Oh. Canada

Sitting in bed last night and watching the Vancouver Olympics' opening ceremonies, I couldn’t help but feel a bit exasperated.  Don’t get me wrong, I’m sucker for the Olympics' opening act, and it was a great show.  The stagecraft was amazing.  But discordant too.  That’s because the second third of the ceremony (after all the athletes had entered and a forgettable musical number) was an homage to Canada’s natural wonders.  Ice floes were recreated, three dimensional killer whales swam through the stadium, trees grew out of the stage and reached into the sky…all accompanied by nature-loving dancers and musical numbers.  Sadly, there’s no video available, but you can see what I’m talking about here.
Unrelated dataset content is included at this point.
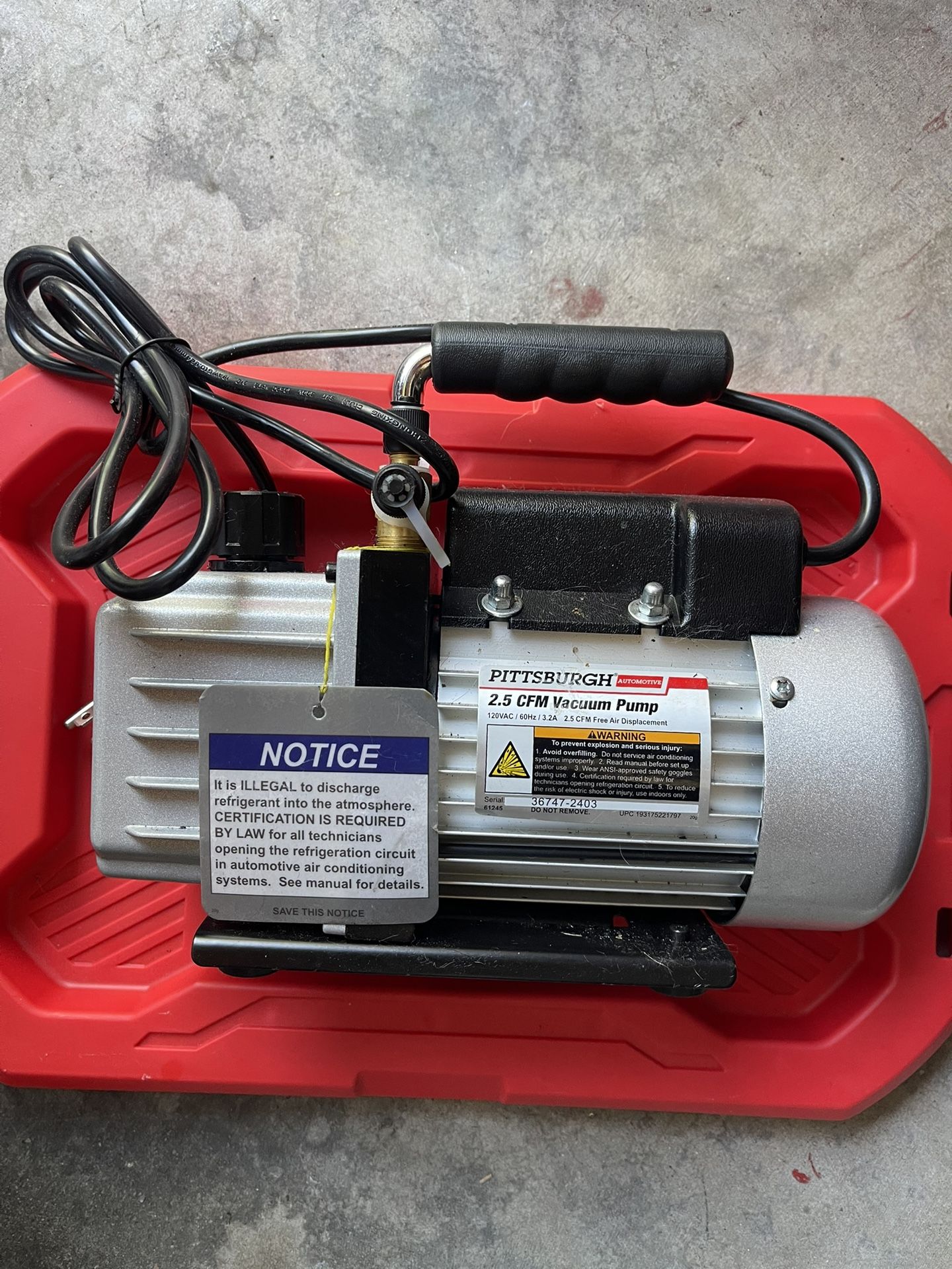 Pittsburg automotive 2.5 CFM Vacuum Pump 120 vac/60hz/3.2 Designed for deeper vacuum draw, this vacuum pump pulls vacuum down to 75 microns. Precision machined one-stage pump removes moisture from air conditioning systems to safely add refrigerant. This one stage vacuum pump is ideal for automotive air conditioning, HVAC work and other operations that require high vacuum pull from a compact pump. One stage pump draws vacuum down to 75 micron Durable die cast aluminum housing and convenient top handle for easy maneuvering Easy-access oil fill port with viewing window for easy maintenance (oil included) Dual ports for R134A and R12/R22 systems Thermal and current overload protection

So, what’s the problem?  Well, Canada.  Despite its progressive image (the leaf helps, I think), Canada is more like a rapacious petro-State than a responsible environmental actor.  Among the lowlights:

  • Canada continues to allow the widespread and often unsustainable hunting of its marine mammal including, most notably, polar bears.  The country’s own Species at Risk Act is of little help, as its process is mired down in politics and often driven by economic considerations rather than sound science.  Canada is the only commercial exporter of polar bear parts (rugs, boots, etc.) and is fiercely fighting efforts to end the bear trade.
  • And those beautiful trees in the opening ceremony?  It doesn’t help much that Canada is destroying vast swaths of its boreal forests to extract tar sands oil—a form of heavy crude that’s going to be piped to the Midwest for refining (creating more pollution here).  Extraction and processing of tar sands oil releases three times as much global warming gasses as conventional oil. 
  • Speaking of global warming, Canada hasn’t exactly been a responsible actor on that stage, either.  Just this month it submitted global warming pollution reduction targets to the international community and became the only developed country to date that has said it will increase its greenhouse gas pollution over 1990 levels.

So when you see that Maple Leaf flying, think twice.  Canada has a lot of things to admire (not least among them Neil Young). But natural resource protection?  Not so much.